If there are any condiments or sauce packets or anything I don’t need, I save them up to nibble on later, when Rocky’s not looking. Yes, I eat ketchup straight from the pouch. And soy sauce. It’s sooooo good. Disgustingly, incredibly good. You might ask, why don’t I just mix the condiments with the coma slurry to make them taste better? Excellent question. Answer: I did try. It doesn’t help. It would take more than a couple little ketchup packets to cut the gag-inducing bitterness of the slurry - it doesn’t improve it nearly enough to make me actually want to taste it. So I’m better off just swallowing it as fast as possible, and eating the sauce in a way I will actually enjoy.

At this rate, I'll still have some real food left when we get there. Hopefully it'll be helpful to those Eridian chemists to have a sample of real Earth food to try and replicate. There's a variety in there - soups, dumplings, noodles, tacos, pizza. I inventoried the freezer, and I read over the list every week as I select from the menu. I've got it memorized by now. In the very back of the freezer is my treasure - one single frozen package containing a cheeseburger with a sesame seed bun, topped with caramelized onions and mushrooms and barbecue sauce. Yes, my favorite food is hamburgers. I can’t help it, I'm American. I'm saving it for last. Maybe that's foolish. After all, anything could happen. I had a nightmare one night that the freezer broke and all the food spoiled. I mentioned it to Rocky the next day, trying to sound casual. He assured me that if it broke, he could fix anything. I hope he didn't notice the relief in my voice. But what if the food spoiled before anyone could notice? I check on it sometimes, just to make sure. Probably not a good habit.
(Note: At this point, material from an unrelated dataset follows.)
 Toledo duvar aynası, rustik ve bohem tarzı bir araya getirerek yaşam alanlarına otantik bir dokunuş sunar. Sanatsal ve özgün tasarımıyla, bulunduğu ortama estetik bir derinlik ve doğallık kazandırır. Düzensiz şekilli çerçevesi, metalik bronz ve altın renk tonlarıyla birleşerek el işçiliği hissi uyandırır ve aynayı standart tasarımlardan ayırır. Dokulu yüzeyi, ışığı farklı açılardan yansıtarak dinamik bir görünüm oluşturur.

It's pathetic. I shouldn't be like this about it. It's just fuel. It shouldn't matter how it tastes. I run my hand up and down my left arm and stare off into space. Another new habit. 

The skin just feels so different; I’m still getting used to it. You know, when I woke up on the Hail Mary, I didn’t even know I was on a spaceship, and I did some physics to figure it out. That feels like a long time ago now. But I didn’t know where any paper was in this place - I didn’t know where anything was, I didn’t know where I was - so I wrote all my calculations on my left arm. I’ve always liked to doodle on myself; it drove my teachers crazy. I was utterly lost, but you know, it made feel better to do some math and draw on my arm. Math always helps.

Can’t do that now, though. My left arm is so rough and bumpy and red, uneven splotches and lines running almost from my shoulder to my fingers. I think I can’t see as well as I used to on the left side, either. My left eye was constantly watery for the first couple weeks after we fished the Taumoeba out of Adrian. It stung for a really long time. And when I close my right eye, everything’s blurry. I wish I’d been wearing my glasses; they would have shielded my eyes at least a little. But they probably would have been melted by the ammonia, and then I wouldn’t have any glasses for the rest of my life. 

And it aches. I know, Rocky gave me those scars to save my life. He risked his life to save mine. And my arm aches and my glasses give me a headache and it just aches, it aches all the time. 

Everything's fine. It doesn’t matter what I eat. It doesn’t matter that I’m never going back to Earth. I’m on a road trip with my best friend in the universe. I’m not alone. I’m fine.